Robin Sanders, Austin, Tex., for defendants-appellees.

Appeal from the United States District Court for the Southern District of Texas.

Before KING, GARWOOD, and SMITH, Circuit Judges.

JERRY E. SMITH, Circuit Judge:

Today we are asked to decide whether an elected judge may constitutionally be reprimanded for making truthful public statements critical of the administration of the county judicial system of which he is a part. Concluding (1) that such statements address matters of legitimate public concern and (2) that the state's interest in promoting the efficiency and impartiality of its courts does not, under the circumstances of this case, outweigh the plaintiff's countervailing first amendment right to air his views, we reverse the judgment of the district court and remand for further proceedings.



In 1982, plaintiff James M. Scott, Jr., was elected to a four-year term as justice of the peace in Fort Bend County, Texas. As in many states, justices of the peace in Texas occupy the lowest rung of the judicial hierarchy.

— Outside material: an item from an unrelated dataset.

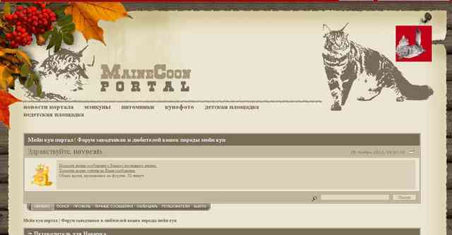 Форум о мейн кунах, как и любой другой, позволяет множеству пользователей, объединенных одними интересами, общаться между собой. Любители породы гигантских кошек обсуждают здесь все интересующие их вопросы, участвуют в спорах, дают и получают полезные советы, рассказывают о своих питомцах, делятся интересными фотографиями. (03.11 20:53)
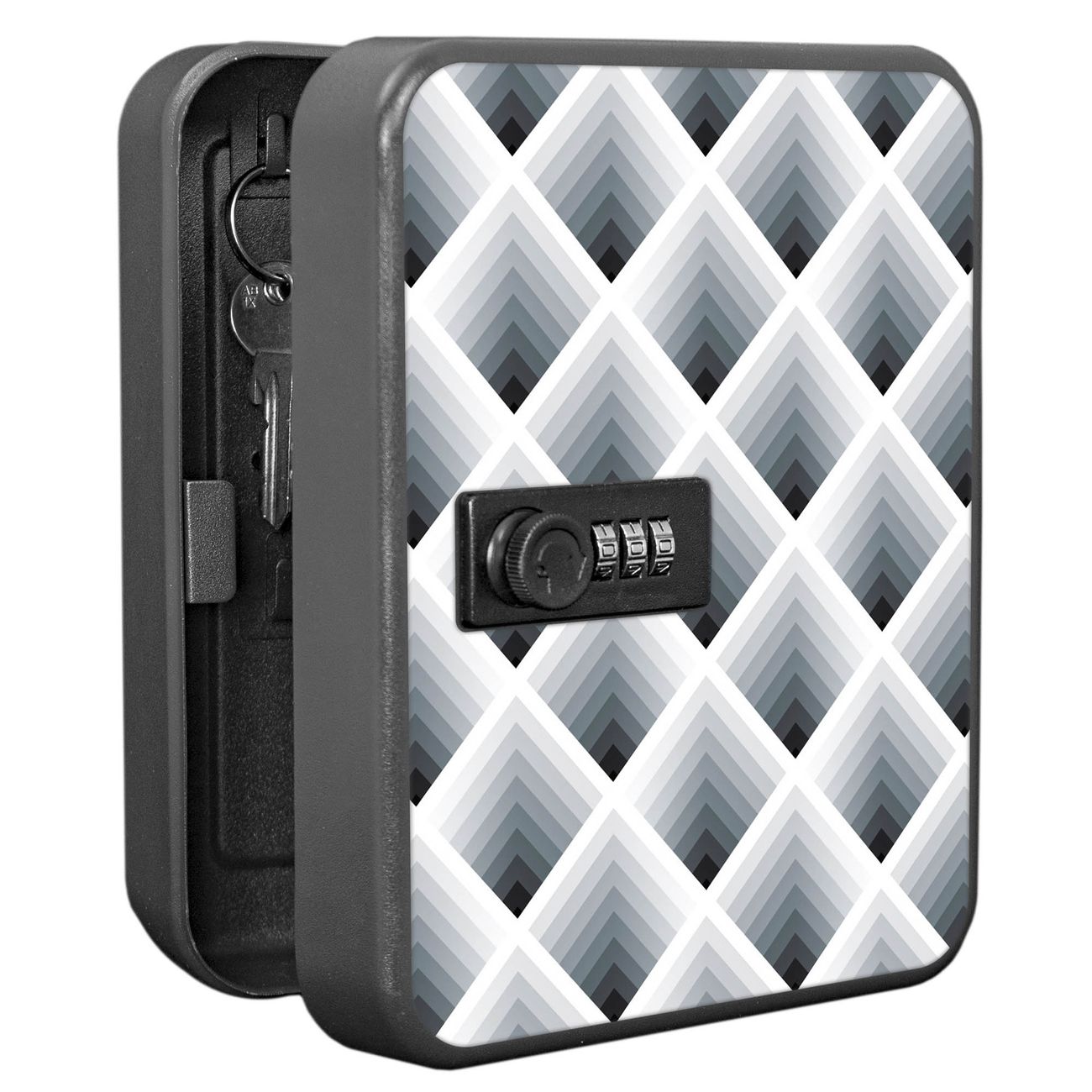 Schlüsselkasten abschließbar Motiv Raster 3D Grau

Their courts have jurisdiction to hear only petty criminal prosecutions (such as traffic violations), actions for forcible entry and detainer, and other civil cases in which the amount in controversy does not exceed $2,500. See Tex. Const. Art. V, Sec. 19; Tex.Gov't Code Ann. Sec. 27.031. In most Texas counties, Fort Bend among them, justice courts are not courts of record, and parties appealing from their judgments are entitled to a trial de novo in a higher court.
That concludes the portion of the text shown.